▶ Dataset entries
________

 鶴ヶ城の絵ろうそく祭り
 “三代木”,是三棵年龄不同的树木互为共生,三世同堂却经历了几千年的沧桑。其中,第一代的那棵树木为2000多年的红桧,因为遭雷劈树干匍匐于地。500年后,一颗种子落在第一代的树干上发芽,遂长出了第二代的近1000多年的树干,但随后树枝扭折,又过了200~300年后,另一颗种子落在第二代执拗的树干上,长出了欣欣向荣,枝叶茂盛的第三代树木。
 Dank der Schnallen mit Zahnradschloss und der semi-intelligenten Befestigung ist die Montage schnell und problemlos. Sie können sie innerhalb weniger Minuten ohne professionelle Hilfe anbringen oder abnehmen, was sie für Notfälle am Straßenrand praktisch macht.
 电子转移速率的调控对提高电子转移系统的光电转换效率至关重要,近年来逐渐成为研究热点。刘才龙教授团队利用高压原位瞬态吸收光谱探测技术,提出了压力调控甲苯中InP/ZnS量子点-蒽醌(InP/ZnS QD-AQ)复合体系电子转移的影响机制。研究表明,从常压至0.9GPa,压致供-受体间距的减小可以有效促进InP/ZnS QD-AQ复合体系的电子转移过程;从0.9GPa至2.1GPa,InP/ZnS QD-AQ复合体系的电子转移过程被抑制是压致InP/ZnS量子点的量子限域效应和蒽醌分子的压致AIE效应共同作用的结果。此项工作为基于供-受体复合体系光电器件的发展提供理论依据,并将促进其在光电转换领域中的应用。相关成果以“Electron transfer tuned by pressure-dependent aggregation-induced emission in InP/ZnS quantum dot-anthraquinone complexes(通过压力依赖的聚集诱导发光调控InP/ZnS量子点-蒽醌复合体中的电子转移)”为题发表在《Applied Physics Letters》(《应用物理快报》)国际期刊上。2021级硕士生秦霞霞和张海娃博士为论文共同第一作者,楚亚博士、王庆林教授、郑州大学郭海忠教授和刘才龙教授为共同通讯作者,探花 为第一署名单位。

________

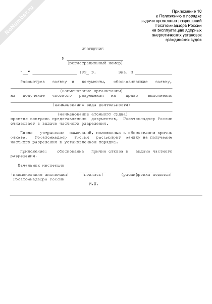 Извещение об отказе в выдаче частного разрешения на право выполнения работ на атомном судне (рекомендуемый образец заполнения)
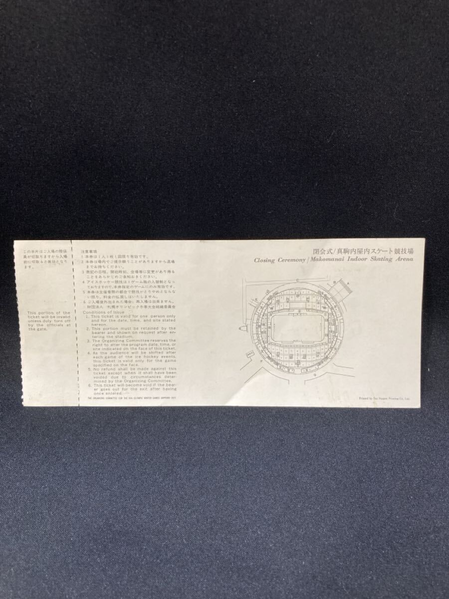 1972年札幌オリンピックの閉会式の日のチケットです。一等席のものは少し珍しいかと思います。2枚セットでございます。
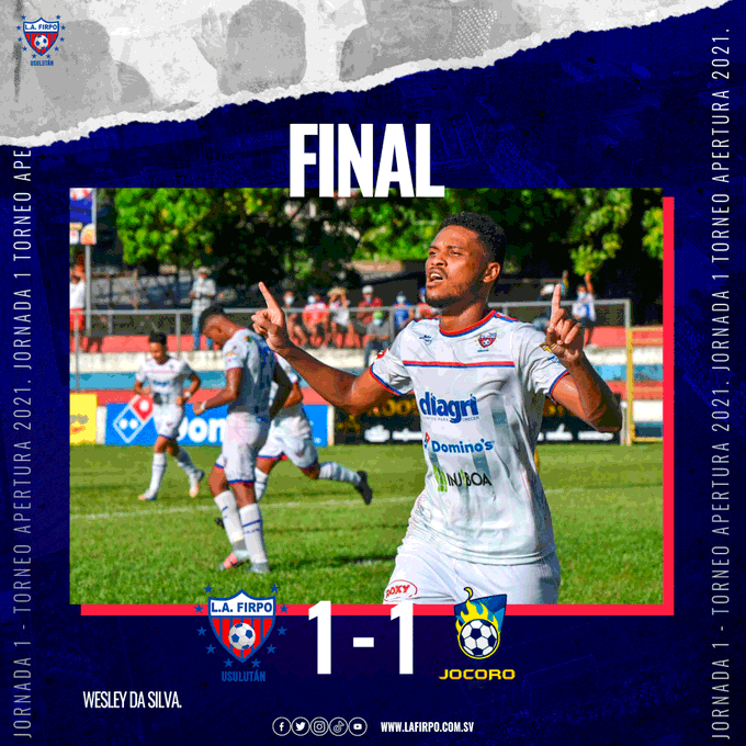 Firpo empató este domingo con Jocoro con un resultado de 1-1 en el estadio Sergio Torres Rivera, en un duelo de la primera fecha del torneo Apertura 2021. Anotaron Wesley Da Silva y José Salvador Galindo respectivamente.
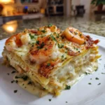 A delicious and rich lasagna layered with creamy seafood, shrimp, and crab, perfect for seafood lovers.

________

▶ Work instructions
Reproduce, word for word, everything in the listing above from the line containing "Извещение об отказе" down to the line containing "1972年札幌オリンピックの", both of them included. No pictures.

▶ Solution to this exercise
 Извещение об отказе в выдаче частного разрешения на право выполнения работ на атомном судне (рекомендуемый образец заполнения)
 1972年札幌オリンピックの閉会式の日のチケットです。一等席のものは少し珍しいかと思います。2枚セットでございます。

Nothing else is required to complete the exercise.